→ **PROMPT**
Please transcribe the listing below exactly, but only from the line containing "1º Encontro de Patrulhas no Paraná" through its last line.
==== DATA SECTION ====
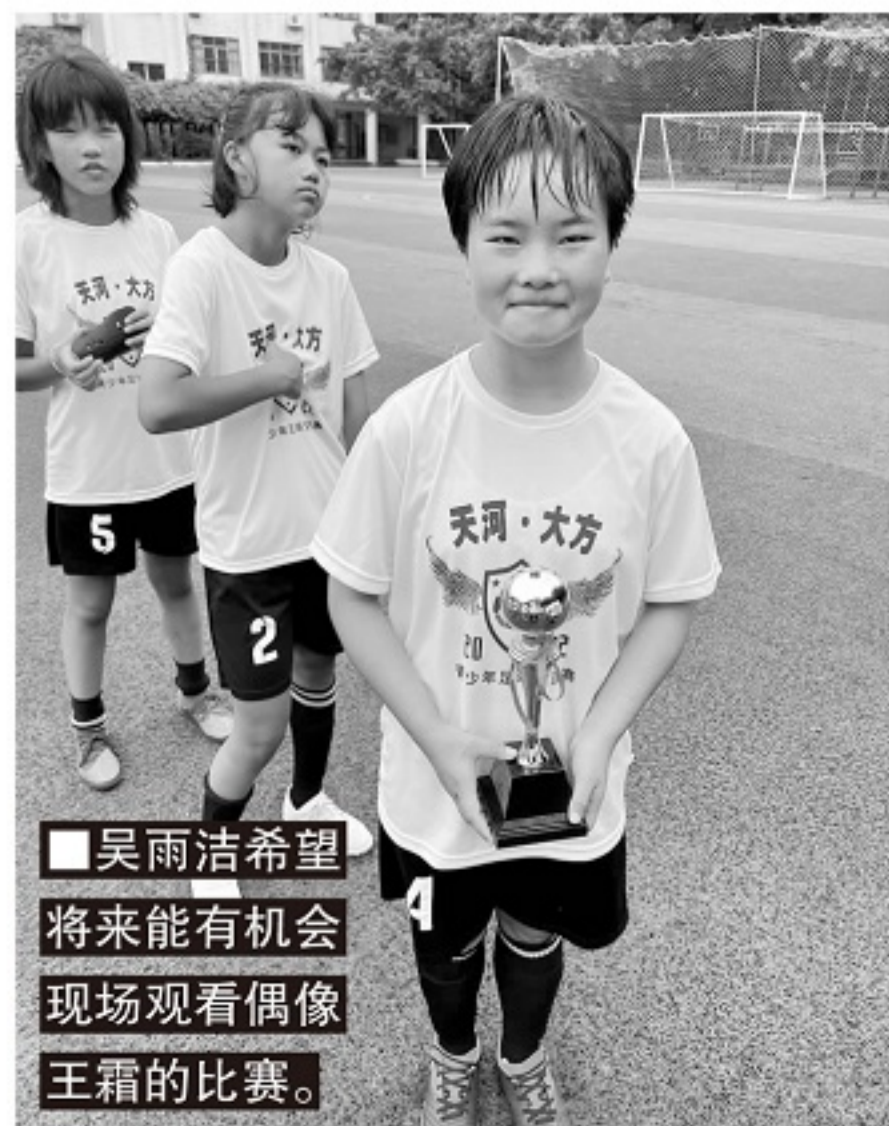
吴雨洁希望将来能有机会现场观看偶像王霜的比赛。
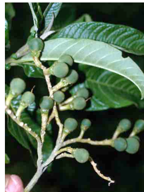
34 Solanum oblongifolium SOLANACEAE
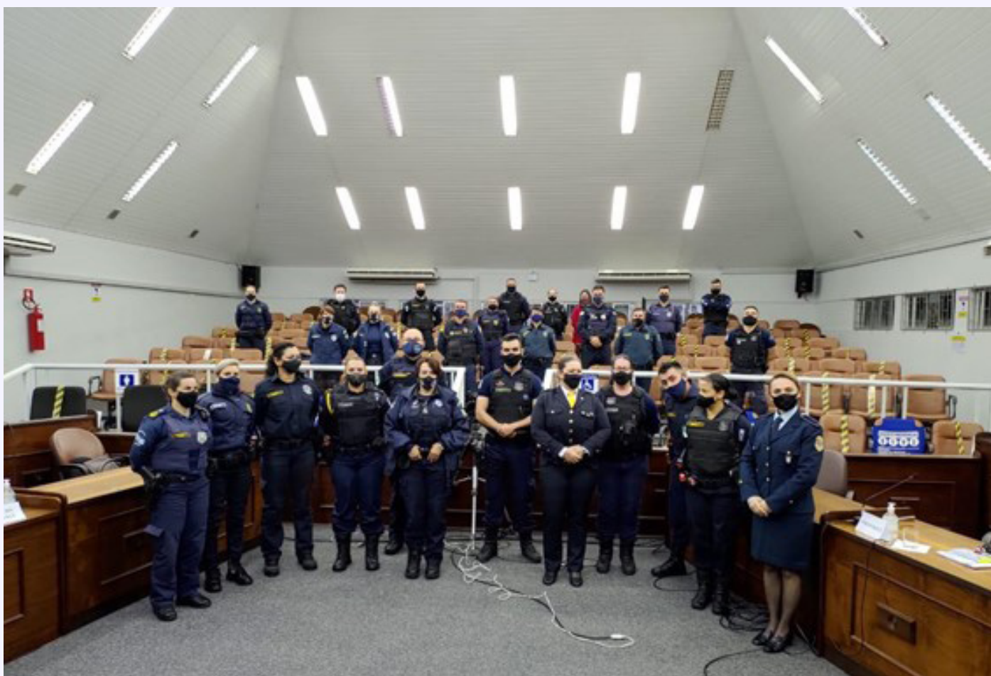
1º Encontro de Patrulhas no Paraná

A Patrulha Maria da Penha está de prontidão, pois nenhuma mulher deve viver este problema sozinha: todos nós somos responsáveis pelas mulheres em situação de violência.
====
→ **ANSWER SPACE**
1º Encontro de Patrulhas no Paraná

A Patrulha Maria da Penha está de prontidão, pois nenhuma mulher deve viver este problema sozinha: todos nós somos responsáveis pelas mulheres em situação de violência.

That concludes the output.